» **WHAT IS BEING ASKED**
From the records below, print only the part that opens with the line containing "A great hall" and closes with the line containing "Інтер’єр особливої версії"; omit the pictures.

» **RECORDS SUPPLIED**
· · · · · · ·

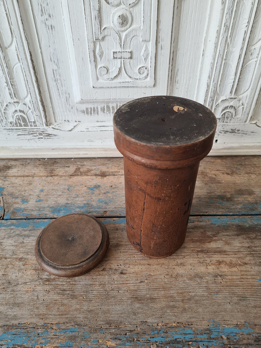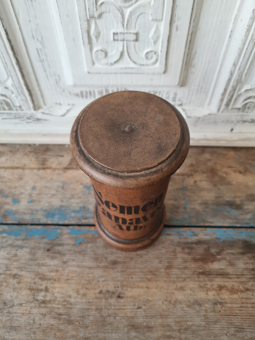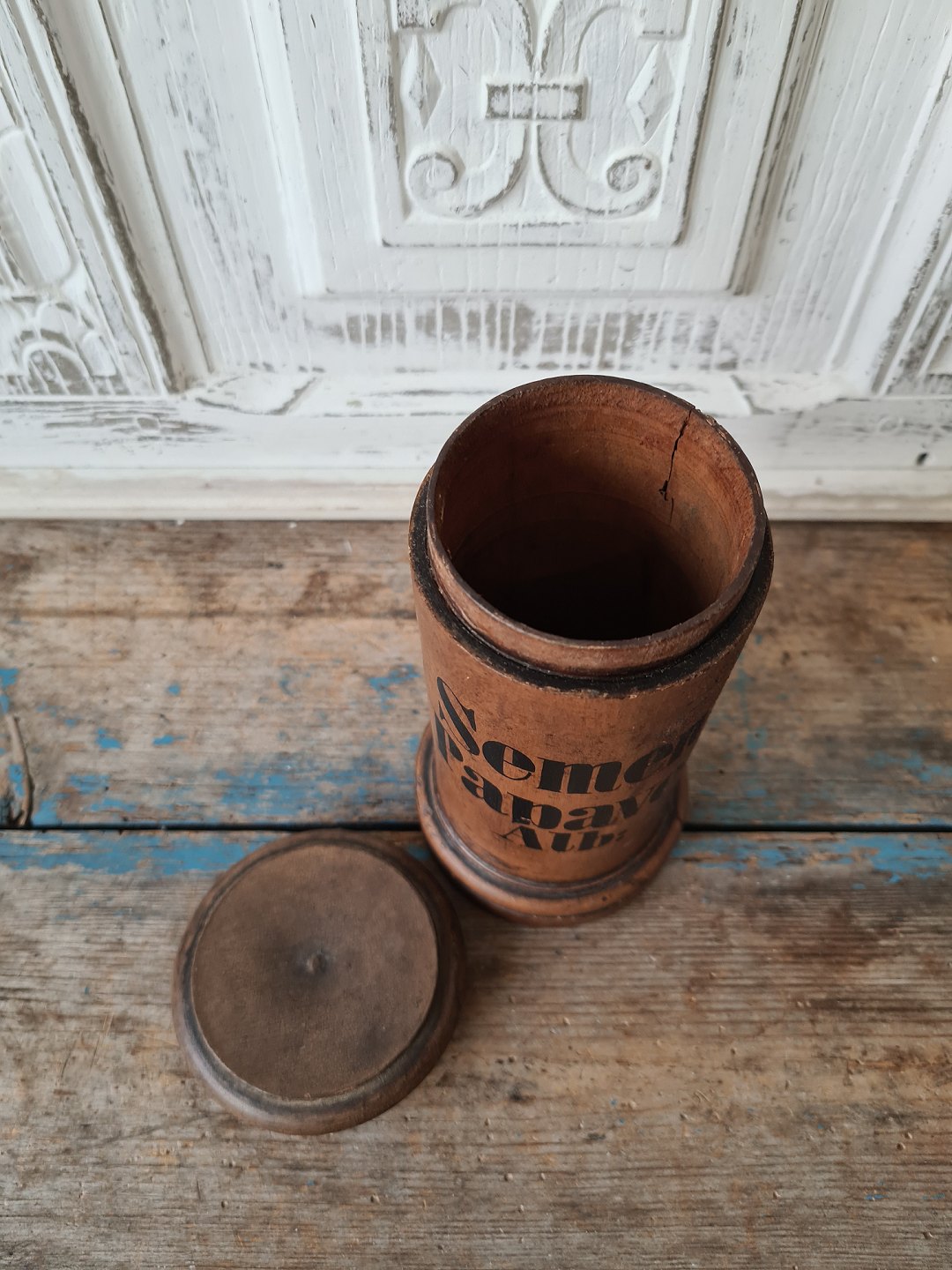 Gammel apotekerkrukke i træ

· · · · · · ·

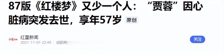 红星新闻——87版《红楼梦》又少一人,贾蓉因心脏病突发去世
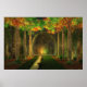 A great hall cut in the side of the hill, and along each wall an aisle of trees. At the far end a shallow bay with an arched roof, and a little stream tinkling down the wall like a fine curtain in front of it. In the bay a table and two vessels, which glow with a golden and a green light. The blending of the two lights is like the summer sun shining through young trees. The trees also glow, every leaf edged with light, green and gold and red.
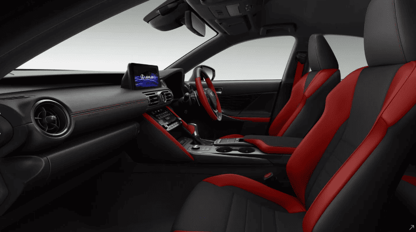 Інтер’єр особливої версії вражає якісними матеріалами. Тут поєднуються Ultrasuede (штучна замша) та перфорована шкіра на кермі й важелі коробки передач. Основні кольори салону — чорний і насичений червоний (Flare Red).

· · · · · · ·

» **EXPECTED ANSWER**
 A great hall cut in the side of the hill, and along each wall an aisle of trees. At the far end a shallow bay with an arched roof, and a little stream tinkling down the wall like a fine curtain in front of it. In the bay a table and two vessels, which glow with a golden and a green light. The blending of the two lights is like the summer sun shining through young trees. The trees also glow, every leaf edged with light, green and gold and red.
 Інтер’єр особливої версії вражає якісними матеріалами. Тут поєднуються Ultrasuede (штучна замша) та перфорована шкіра на кермі й важелі коробки передач. Основні кольори салону — чорний і насичений червоний (Flare Red).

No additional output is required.